■ DATA FOR THE TASK

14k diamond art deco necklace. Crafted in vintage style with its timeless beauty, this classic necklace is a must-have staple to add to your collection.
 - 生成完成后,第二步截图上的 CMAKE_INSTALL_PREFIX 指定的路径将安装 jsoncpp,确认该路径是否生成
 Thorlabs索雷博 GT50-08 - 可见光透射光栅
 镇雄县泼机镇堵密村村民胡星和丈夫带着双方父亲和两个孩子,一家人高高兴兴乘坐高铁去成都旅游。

* * *

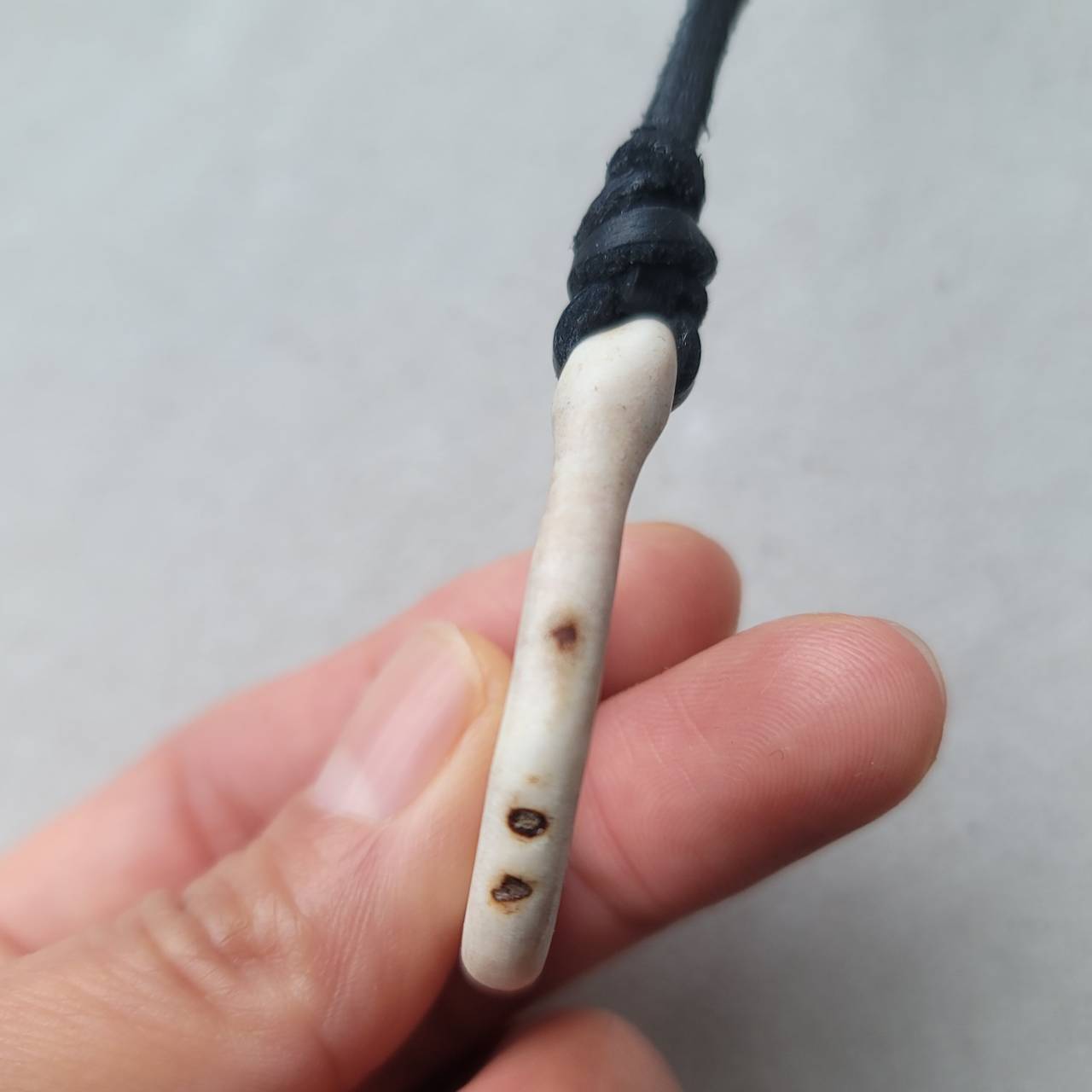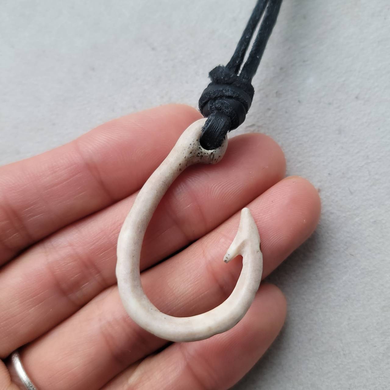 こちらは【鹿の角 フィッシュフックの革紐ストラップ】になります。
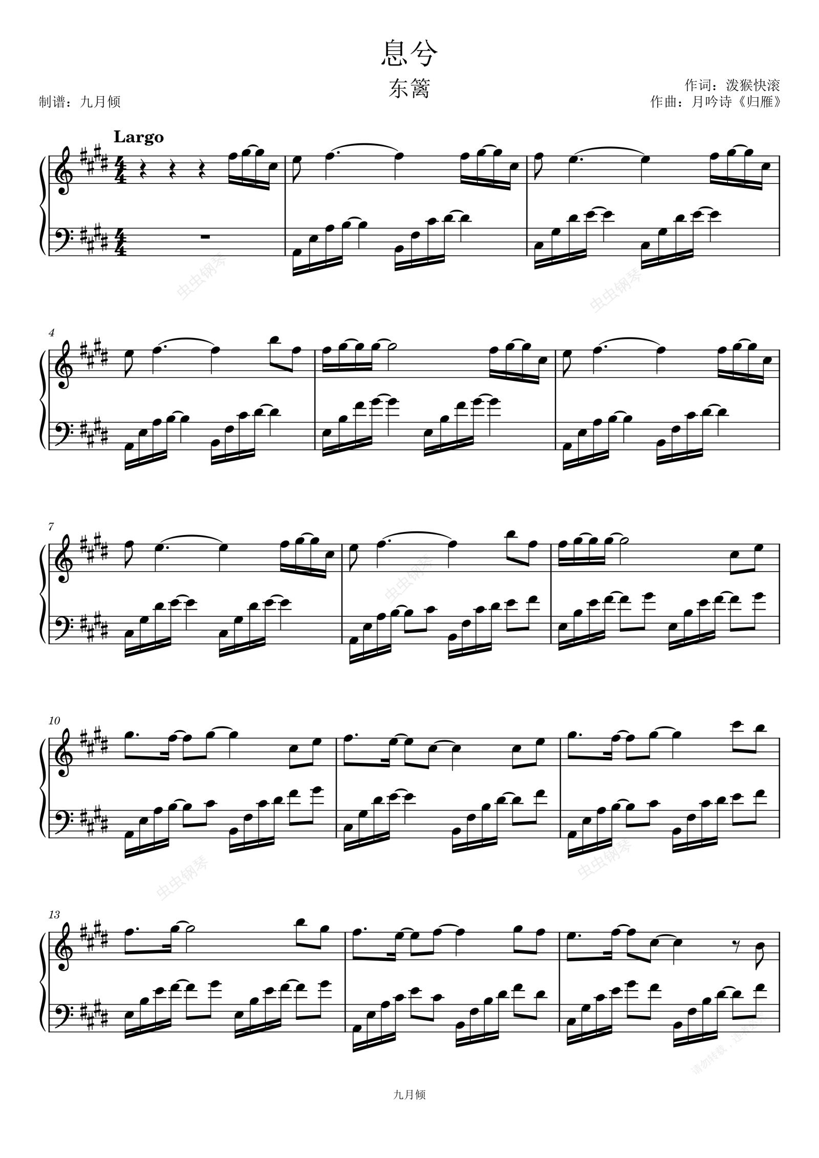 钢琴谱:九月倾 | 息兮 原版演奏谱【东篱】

---

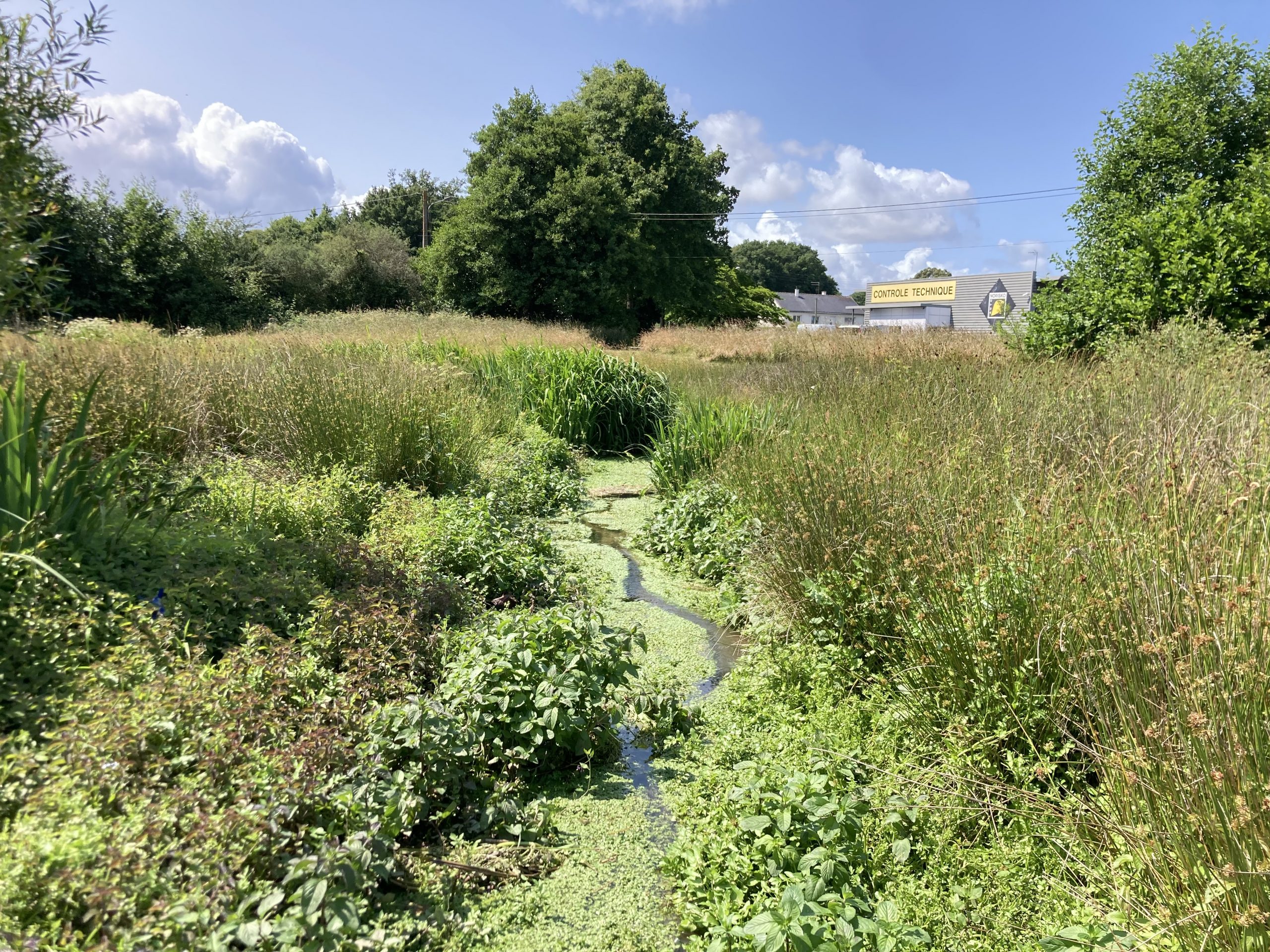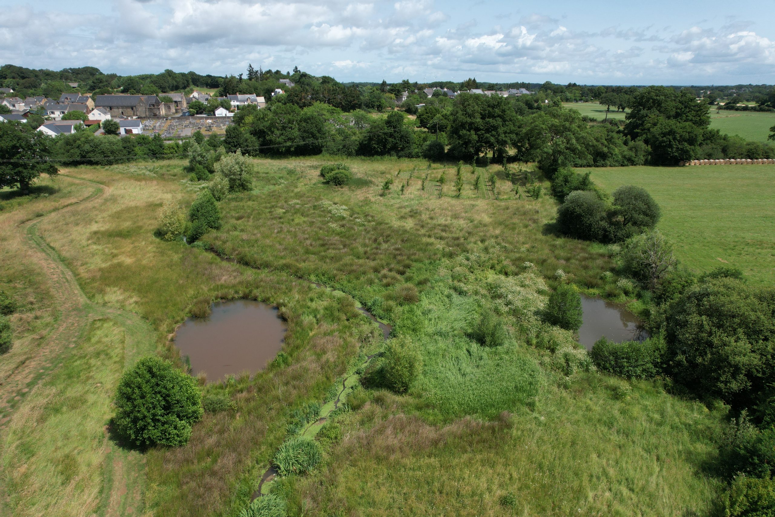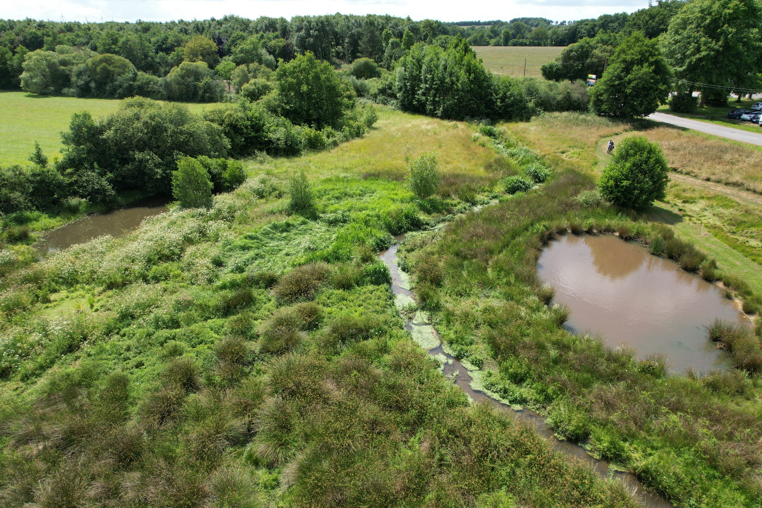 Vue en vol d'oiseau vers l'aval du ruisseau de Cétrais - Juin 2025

■ PROBLEM TO SOLVE
Both end lines included, restate word for word the lines above from the line with "14k diamond art" to the line with "镇雄县泼机镇堵密村村民胡星和", and nothing else.

■ TASK RESULT
14k diamond art deco necklace. Crafted in vintage style with its timeless beauty, this classic necklace is a must-have staple to add to your collection.
 - 生成完成后,第二步截图上的 CMAKE_INSTALL_PREFIX 指定的路径将安装 jsoncpp,确认该路径是否生成
 Thorlabs索雷博 GT50-08 - 可见光透射光栅
 镇雄县泼机镇堵密村村民胡星和丈夫带着双方父亲和两个孩子,一家人高高兴兴乘坐高铁去成都旅游。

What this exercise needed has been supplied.